_What is expected_
Only the text of the entries below should appear in your exact transcription; leave out every picture.

Saved entries
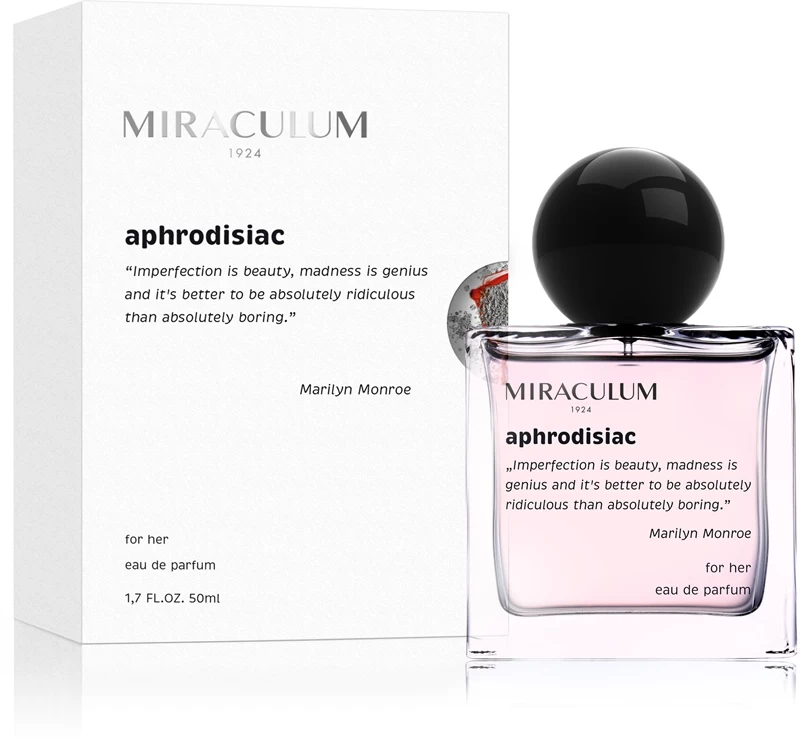 L’eau de parfum Miraculum Aphrodisiac vient caresser et réchauffer vos sens comme un agréable pull en cachemire. Enveloppez-vous dans son parfum envoûtant dès que vous en avez envie.
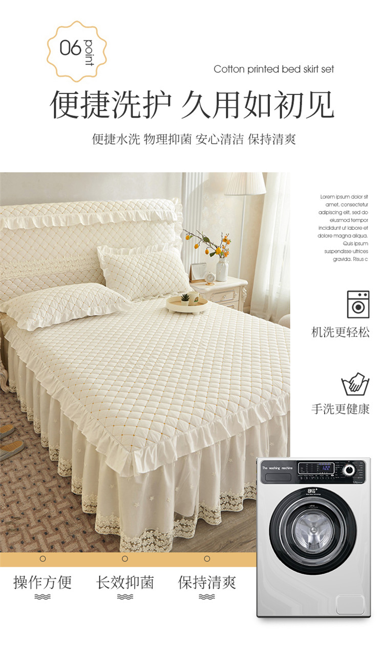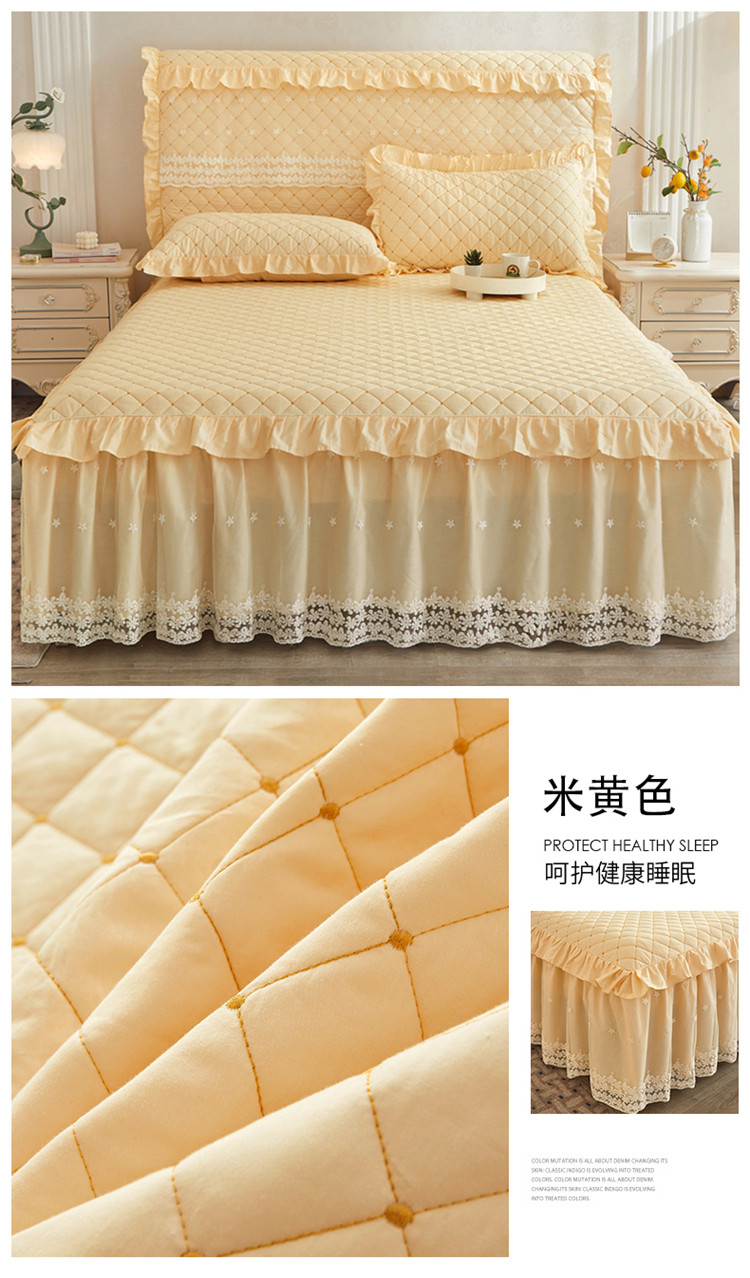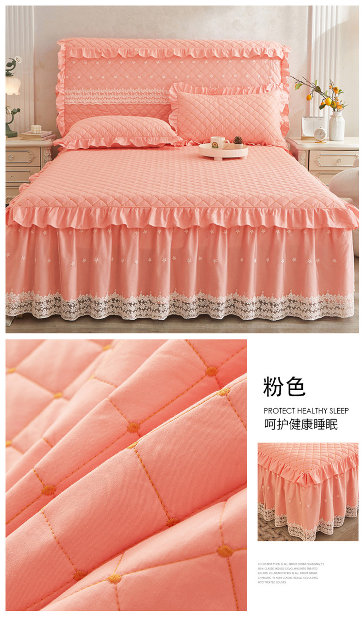 (总)十个点家纺 2025新款千鸟格磨毛绗缝夹棉纯色花边床裙三件套,经典白色,经典兰色,经典浅灰,经典浅驼,经典深灰,经典玉粉
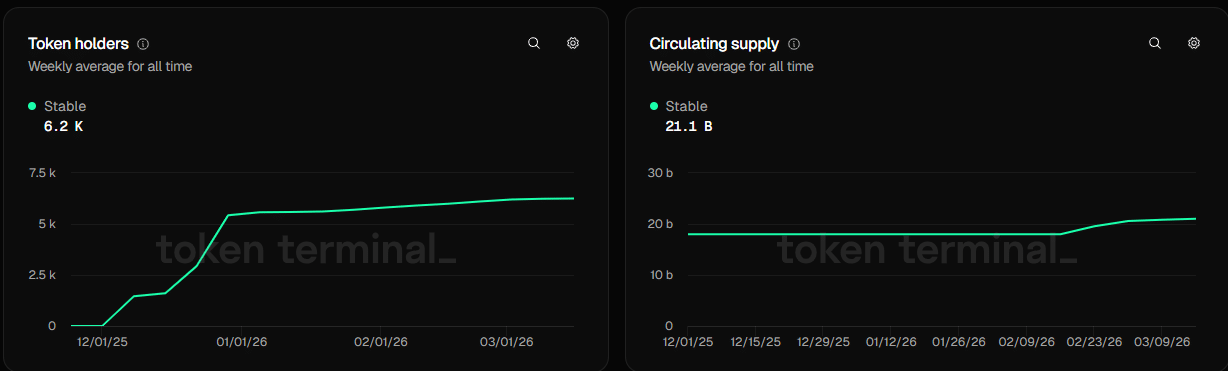 截至發稿時,該網絡共有 6.2k 名持有者,流通供應量達 21.1 億。
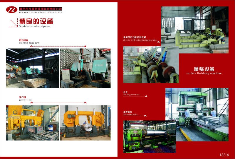 Smelting equipment: 3, 4 ton induction furnace; 10t electric arc furnace, refining furnace vacuum furnace, 0.3, 0.5t, 1t, 3t, 5t electroslag furnace, especially 3 ton, 5 ton electroslag furnace with single pole and double pole in series Features. Processing equipment: electro-hydraulic hammer; supporting equipment: gas furnace, heating furnace, gas annealing furnace, electric annealing furnace, electro-hydraulic grinder, electric band saw, gantry saw, etc.
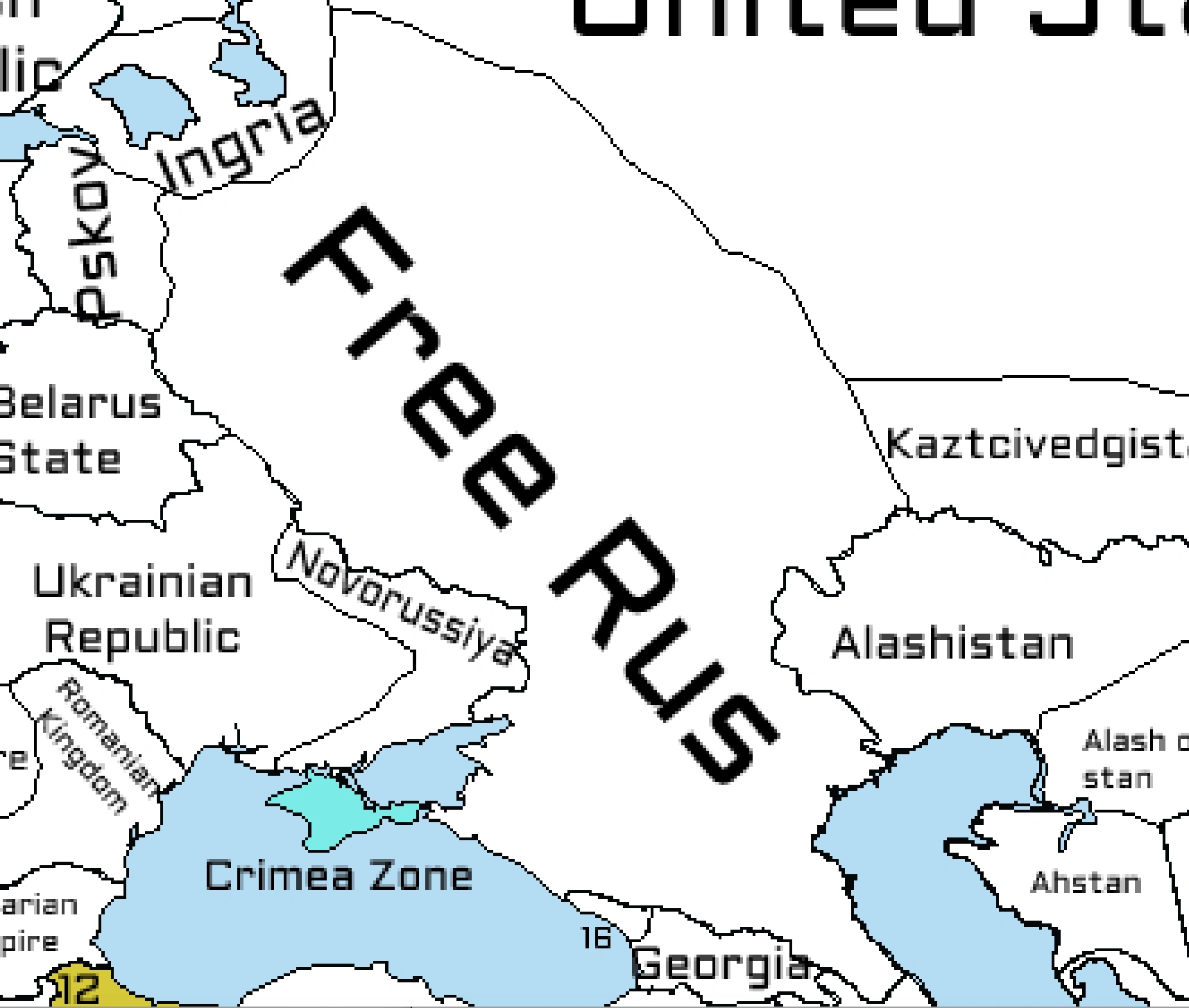 Free Rus, officially the Free Rus Republic (Russian: Свободная Русь Республика) and sometimes referred to as Western Russia , is a country in Eastern Europe. It borders Ingria to the north , It borders to the west Pskov, Belarus, Novorussiya, Ukraine. To the South it borders Abkhazia, Georgia, Azerbijian, to the East it borders Perm, Kaztcivedgistan, Alashistan. They border the North sea to the north, the Black sea to the West, The Caspian sea to the east. The 3rd Revolution state in Russia, Russia was historically one of the most powerful and educated nations in the world. Its plenty of historical sights, including decorated churches such as the Red square, makes tourism its main economic activity. Russia is considered the Great Power since the middle ages. The modern state of Rus dates back to 2014, when the Russian Federation was abolished and the current Republic was established.
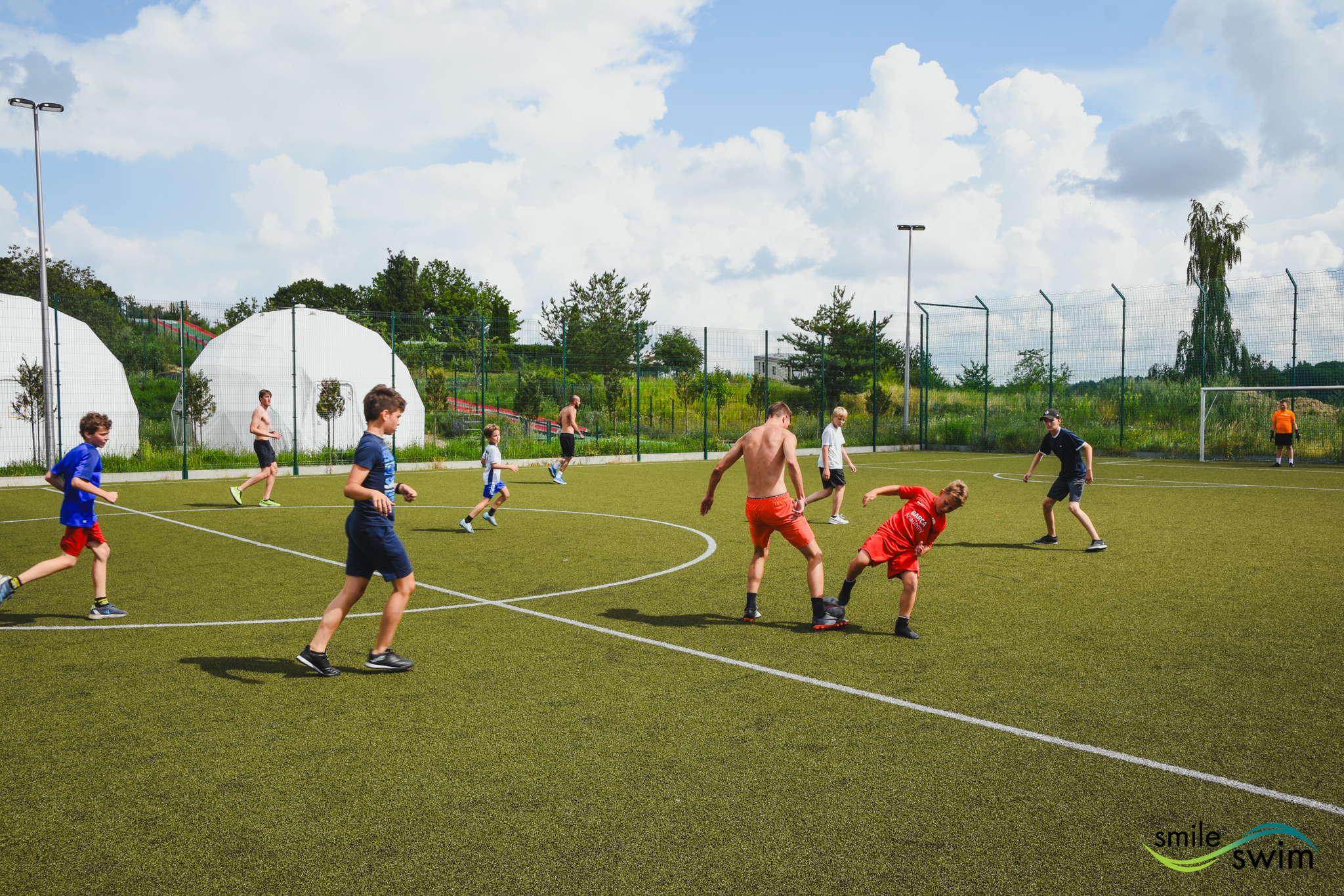 Rano większość obozu ruszyła do twierdzy boyen, gdzie mogli pójść na park linowy lub wodny. Pogoda na wodny była idealna, tak że większość osób wybrała właśnie tę atrakcję! Piłkarze zostali w ośrodku, ponieważ to, co lubią najbardziej, da się robić tylko tutaj, czyli grać w piłkę. 😉 Ale po meczu też chłodzili się w jeziorze!

_Solved exercise_
 L’eau de parfum Miraculum Aphrodisiac vient caresser et réchauffer vos sens comme un agréable pull en cachemire. Enveloppez-vous dans son parfum envoûtant dès que vous en avez envie.
 (总)十个点家纺 2025新款千鸟格磨毛绗缝夹棉纯色花边床裙三件套,经典白色,经典兰色,经典浅灰,经典浅驼,经典深灰,经典玉粉
 截至發稿時,該網絡共有 6.2k 名持有者,流通供應量達 21.1 億。
 Smelting equipment: 3, 4 ton induction furnace; 10t electric arc furnace, refining furnace vacuum furnace, 0.3, 0.5t, 1t, 3t, 5t electroslag furnace, especially 3 ton, 5 ton electroslag furnace with single pole and double pole in series Features. Processing equipment: electro-hydraulic hammer; supporting equipment: gas furnace, heating furnace, gas annealing furnace, electric annealing furnace, electro-hydraulic grinder, electric band saw, gantry saw, etc.
 Free Rus, officially the Free Rus Republic (Russian: Свободная Русь Республика) and sometimes referred to as Western Russia , is a country in Eastern Europe. It borders Ingria to the north , It borders to the west Pskov, Belarus, Novorussiya, Ukraine. To the South it borders Abkhazia, Georgia, Azerbijian, to the East it borders Perm, Kaztcivedgistan, Alashistan. They border the North sea to the north, the Black sea to the West, The Caspian sea to the east. The 3rd Revolution state in Russia, Russia was historically one of the most powerful and educated nations in the world. Its plenty of historical sights, including decorated churches such as the Red square, makes tourism its main economic activity. Russia is considered the Great Power since the middle ages. The modern state of Rus dates back to 2014, when the Russian Federation was abolished and the current Republic was established.
 Rano większość obozu ruszyła do twierdzy boyen, gdzie mogli pójść na park linowy lub wodny. Pogoda na wodny była idealna, tak że większość osób wybrała właśnie tę atrakcję! Piłkarze zostali w ośrodku, ponieważ to, co lubią najbardziej, da się robić tylko tutaj, czyli grać w piłkę. 😉 Ale po meczu też chłodzili się w jeziorze!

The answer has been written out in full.